Studio album by Charles Mingus
- Released: May 1960
- Recorded: November 1 and 13, 1959
- Studio: CBS 30th Street Studio, New York City
- Genre: Jazz
- Length: 59:34
- Label: Columbia
- Producer: Teo Macero

Charles Mingus chronology
| Blues & Roots (1960) | Mingus Dynasty (1960) | Charles Mingus Presents Charles Mingus (1961) |

= Mingus Dynasty =

Mingus Dynasty is a jazz album by Charles Mingus, recorded in 1959 and released on Columbia Records in May 1960. It is a companion album to his 1959 record Mingus Ah Um, and was inducted in the Grammy Hall of Fame in 1999. The title, a pun on the Ming dynasty, alludes to Mingus's ancestry, which was partially Chinese.

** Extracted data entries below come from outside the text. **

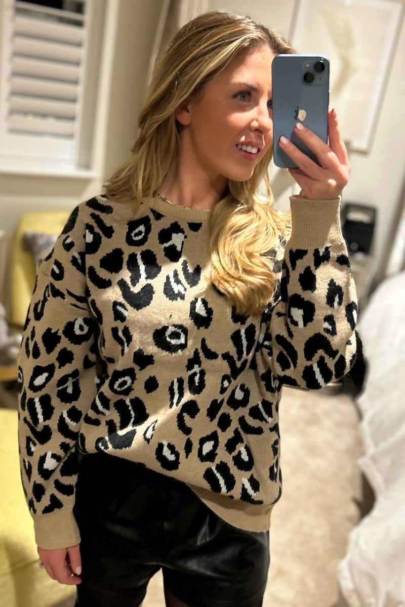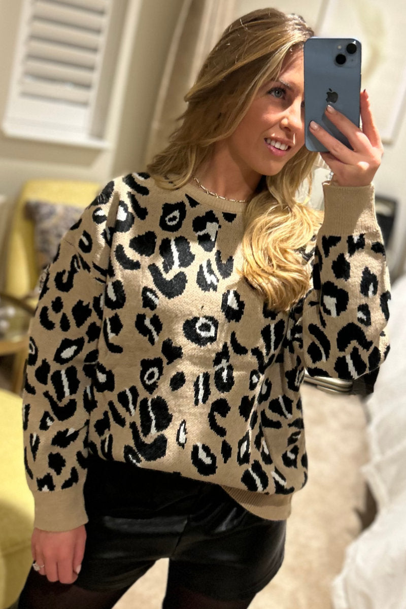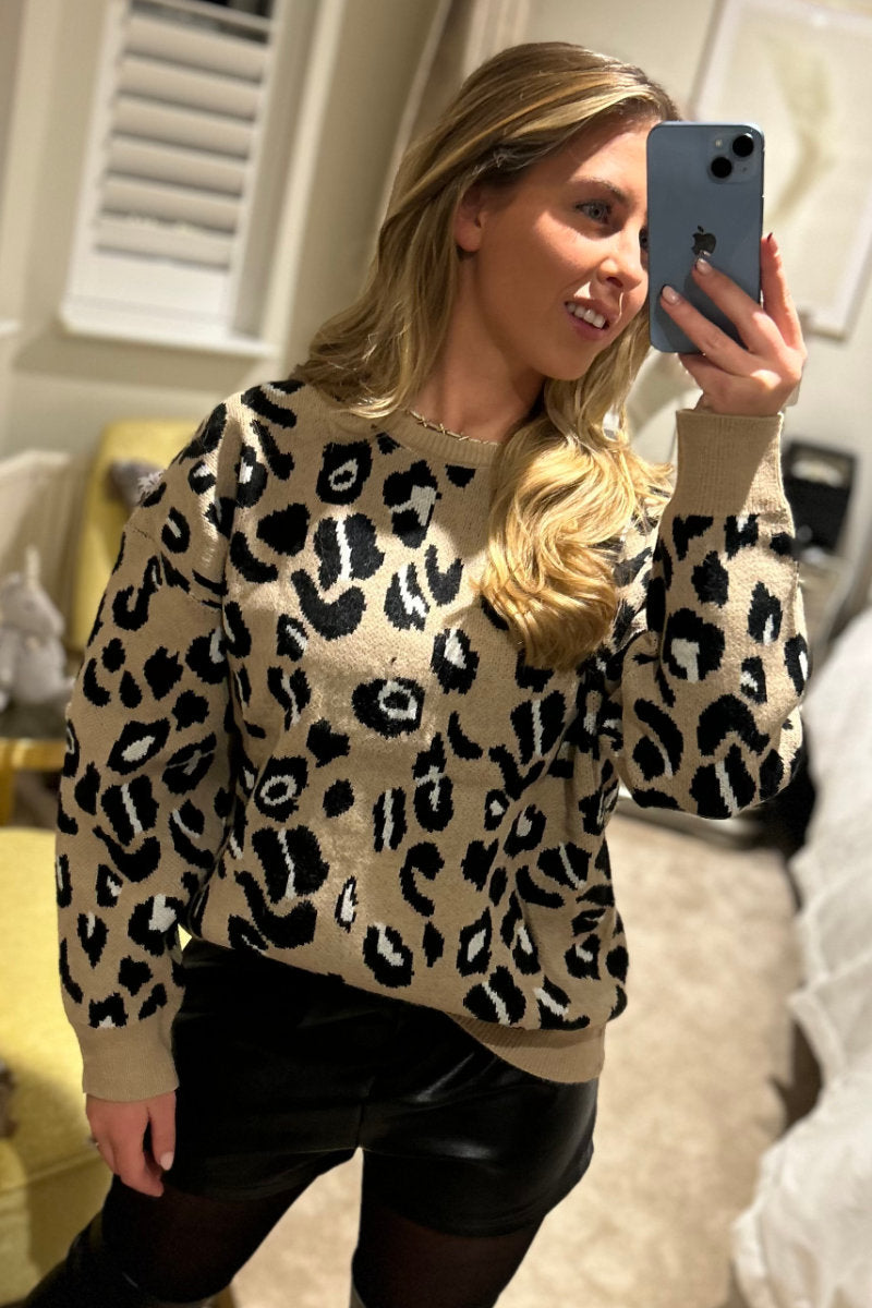Step into style with this Italian animal print jumper, combining bold leopard patterns with a cosy knit for an effortlessly chic look. Perfect for casual outings or laid-back evenings, this jumper brings a touch of wild sophistication to your wardrobe.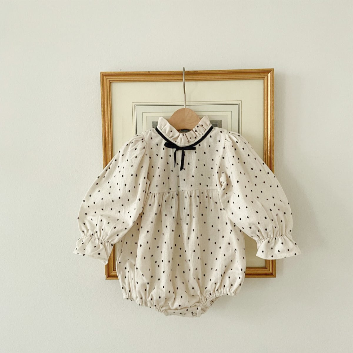 ベビー 春新作 ドット リボン ロンパース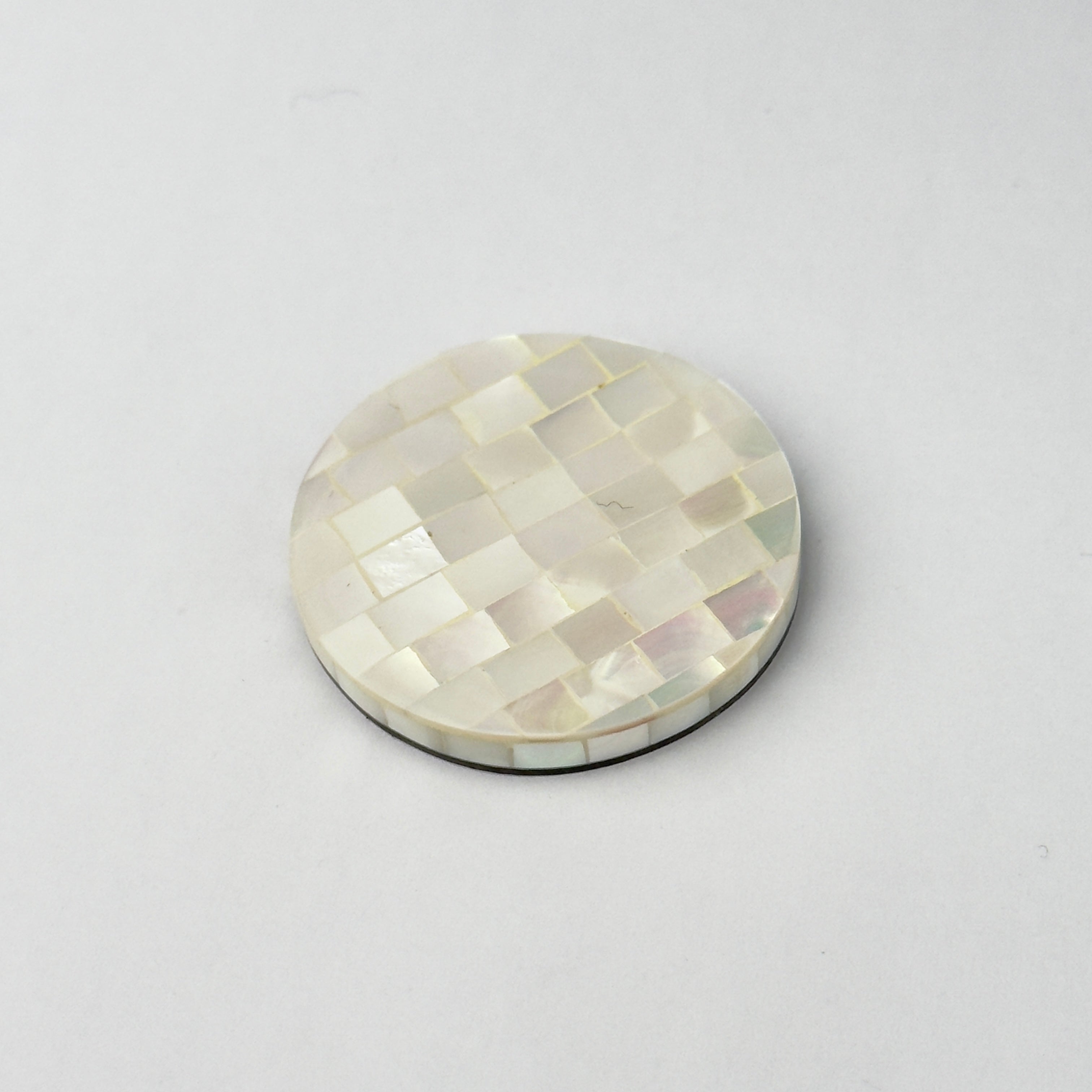 Un pezzo unico della nostra Collezione Artigianale "Luce d'Avorio". Questo componente unisce la lucentezza naturale della madreperla alla profondità della resina, in una delicata armonia di tonalità avorio.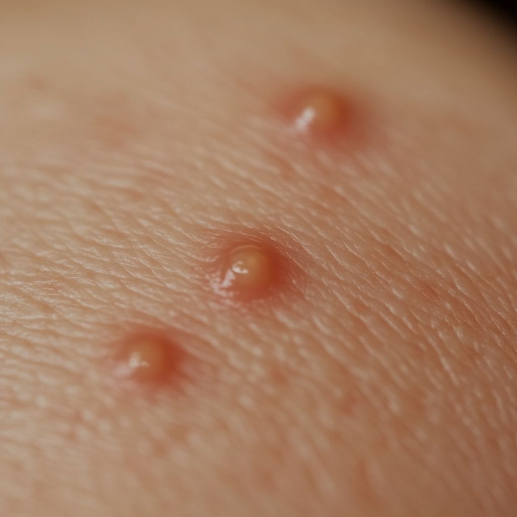 Piqûre de puce : Les puces piquent souvent en groupe ou en ligne, principalement sur les jambes, les chevilles et les pieds. Les piqûres sont petites, rouges et provoquent des démangeaisons intenses. Elles peuvent entraîner des infections secondaires si elles sont grattées.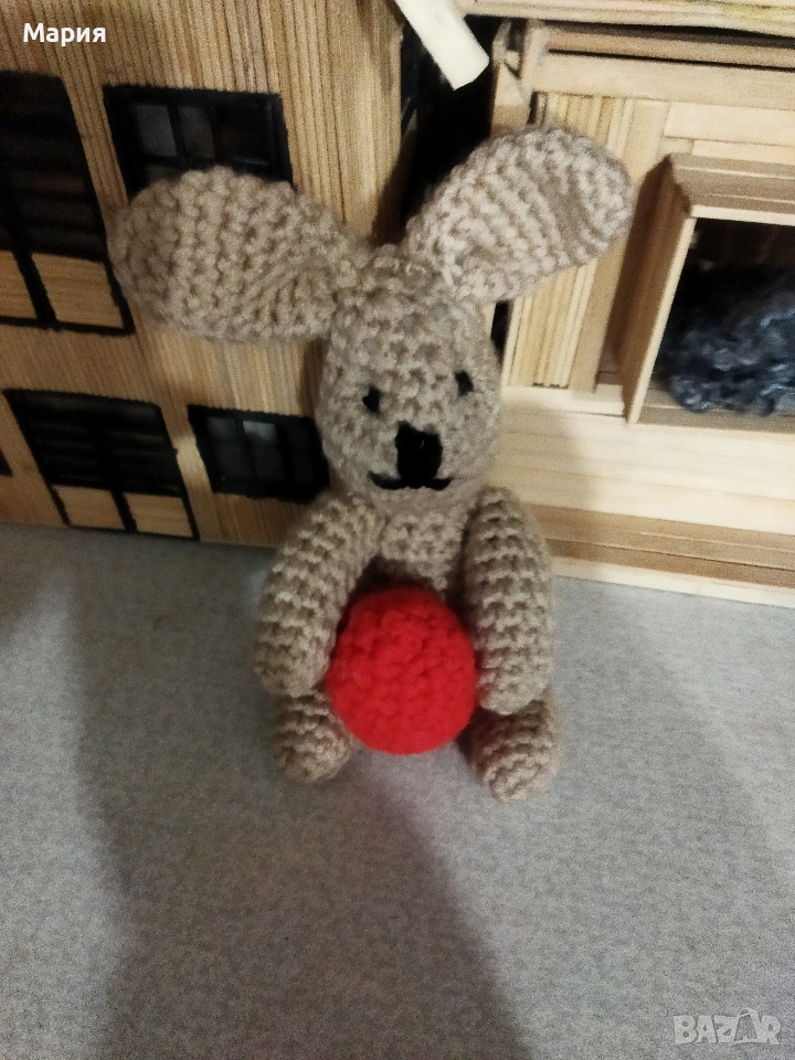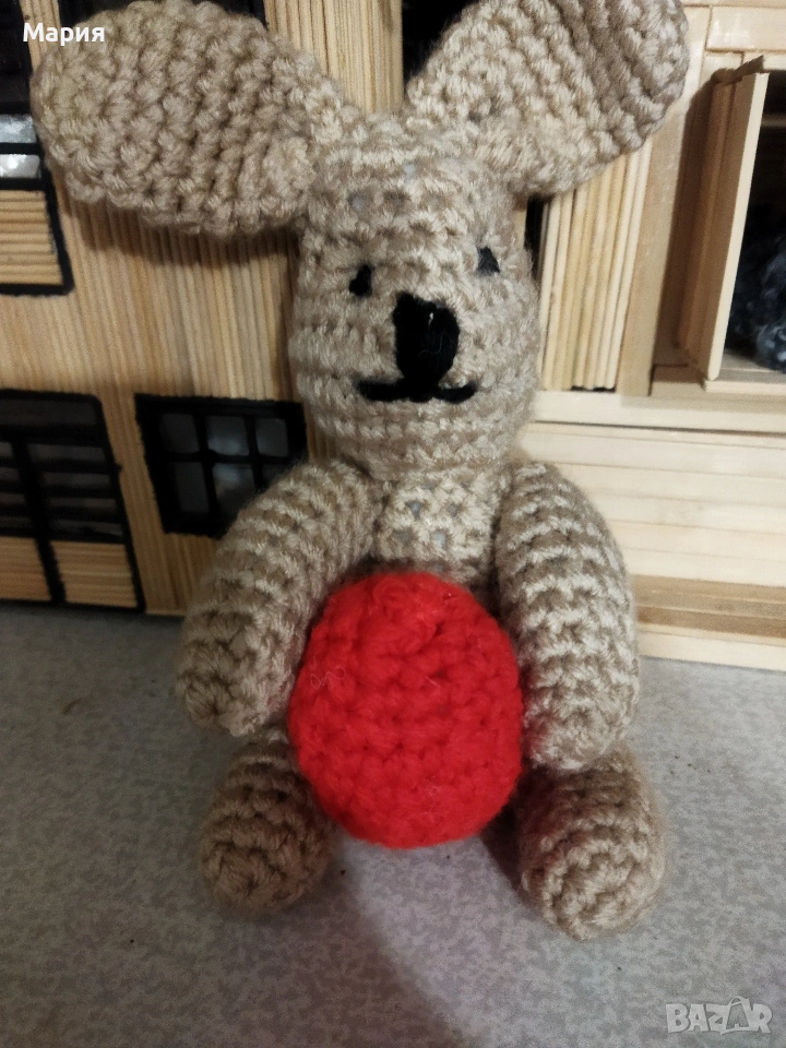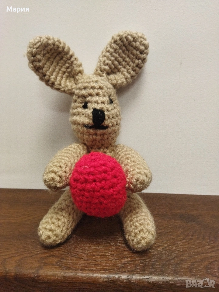 Ръчно изплетен заек със червено яйце, подходящ подарък за всяко дете. За повече информация пишете на ЛС. Моля разгледайте и другите мой обяви може да си харесвате и други неща.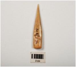 | Description / विवरण | A bone point made on a long bone, smoothly polished upper and lower surface. |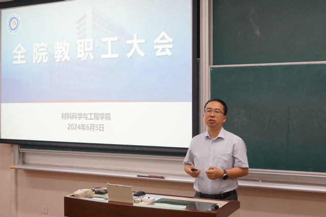 65日,材料科学与工程学院召开全院教职工大会。学院党政班子成员及全体教职工参加会议。材料学院党委书记袁媛主持会议。会议分为学院工作汇报和党纪学习教育案例集中学习两部分内容。
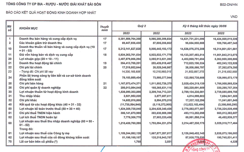 Về kết quả kinh doanh, quý II/2023, SAB ghi nhận doanh thu thuần đạt 8.312 tỷ đồng, giảm 8% so với cùng kỳ. Trừ đi chi phí giá vốn, lợi nhuận gộp công ty đạt 2.487,8 tỷ đồng, giảm 19% so với cùng kỳ.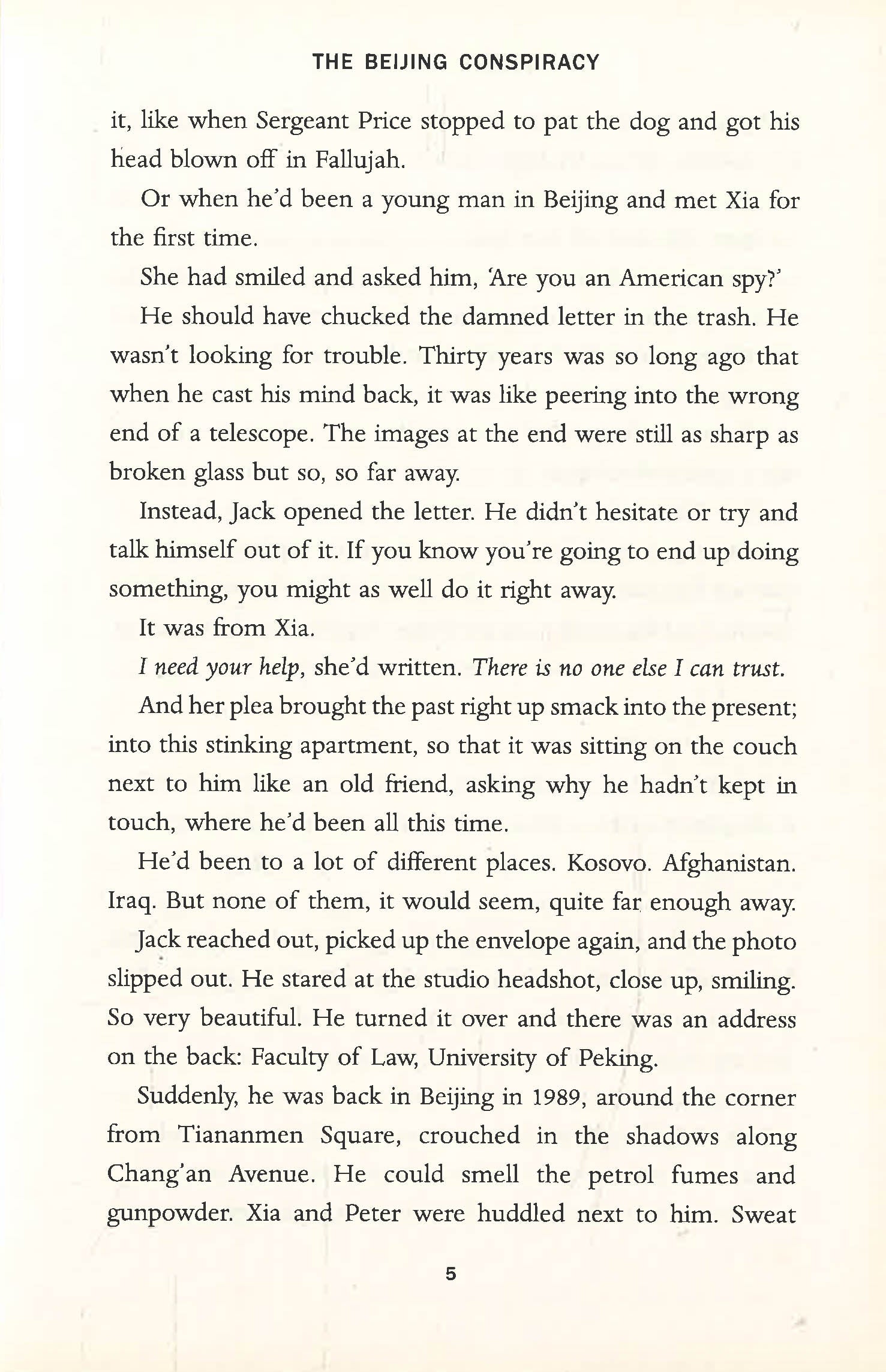 Soon he's on a plane to China, a country he hasn't returned to since witnessing the atrocities of the Tiananmen Square massacre. But on his search he stumbles upon a document which both the Chinese and American governments are desperately chasing. Now Jack is trapped in an impossible dilemma: save his daughter or prevent a new world war where thousands will lose their lives.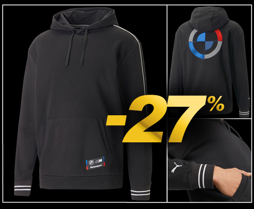 Hoodie homme BMW Motorsport by Puma Capuche réglable par cordon de serrage - Couleur Noir - Poche kangourou Taille et poignets côtelés - Matière 68% coton / 32% polyester Puma 538112-01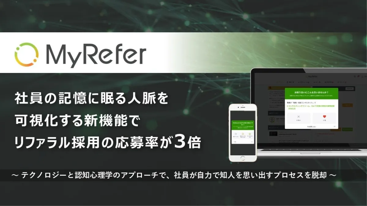 株式会社TalentX(本社:東京都新宿区、代表取締役社長 CEO:鈴木貴史)は、リファラル採用サービス『MyRefer』に新たに搭載した機能『リクルーターレコメンド機能』を発表しました。この新機能により、リファラル採用の応募率が従来比で3倍に伸長したと報告されています。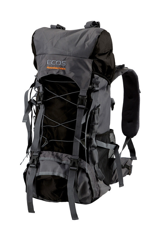 5. 5. Возможность крепления снаряжения на рюкзак:  - стяжки на верхнем клапане для крепления предметов; - разноуровневая система крепления треккинговых палок или ледорубов,  а также необходимых предметов с помощью карабина; - вертикальные стропы для крепления одеяла, коврика, палатки;  - боковые горизонтальные стропы для крепления одеяла, коврика, палатки и т.д. 6. Конструкция лямок и спинки: лямки и разгрузочный ремень из дышащего пеноматериала, нагрудная стяжка регулируется по высоте, регулируемая высота лямок, петли для рук,  регулируемая спинка, каркас из сьемных алюминиевых «лат», придающий спине рюкзака вертикальную жесткость

Tracks one, three, four, and five were released in their unedited form in 1979 on vinyl and in 1999 on CD. The cuts amount to about eight minutes.

Professional ratings
Review scores
| Source | Rating |
| AllMusic | Star Half star |
| Down Beat (Original LP release) | Star |
| The Penguin Guide to Jazz Recordings | Star |

== Track listing ==
All compositions by Charles Mingus except where noted.

1. "Slop" – 6:16
2. "Diane" – 7:32
3. "Song With Orange" – 6:50
4. "Gunslinging Bird" (Originally titled "If Charlie Parker Were a Gunslinger, There'd Be a Whole Lot of Dead Copycats") – 5:14
5. "Things Ain't What They Used to Be" (Mercer Ellington) – 7:36
6. "Far Wells, Mill Valley" – 6:14
7. "New Now, Know How" – 4:13
8. "Mood Indigo" (Barney Bigard, Duke Ellington) – 8:13
9. "Put Me in That Dungeon" – 2:53
10. "Strollin (Originally titled "Nostalgia in Times Square") (Mingus, George Gordon) – 4:33 [Bonus track on CD]

==Personnel==
- Charles Mingus – bass
- John Handy – alto sax
- Booker Ervin – tenor sax
- Benny Golson – tenor sax (2, 3, 4, 6, 10)
- Jerome Richardson – baritone sax (2, 3, 4, 6, 10), flute (2)
- Richard Williams – trumpet (2, 3, 4, 6, 10)
- Don Ellis – trumpet (1, 5, 8, 9)
- Jimmy Knepper – trombone
- Roland Hanna – piano (1, 2, 3, 4, 5, 6, 8, 9)
- Nico Bunink – piano (7, 10)
- Dannie Richmond – drums
- Teddy Charles – vibes (2, 3, 4, 6)
- Maurice Brown – cello (2, 9)
- Seymour Barab – cello (2, 9)
- Honi Gordon – vocals (10)

== 50th Anniversary Legacy Edition ==
In 2009 Sony's Legacy Recordings released a special, two-disc 50th anniversary edition of Mingus's seminal 1959 album Mingus Ah Um that also includes Mingus Dynasty in its entirety on the second disc.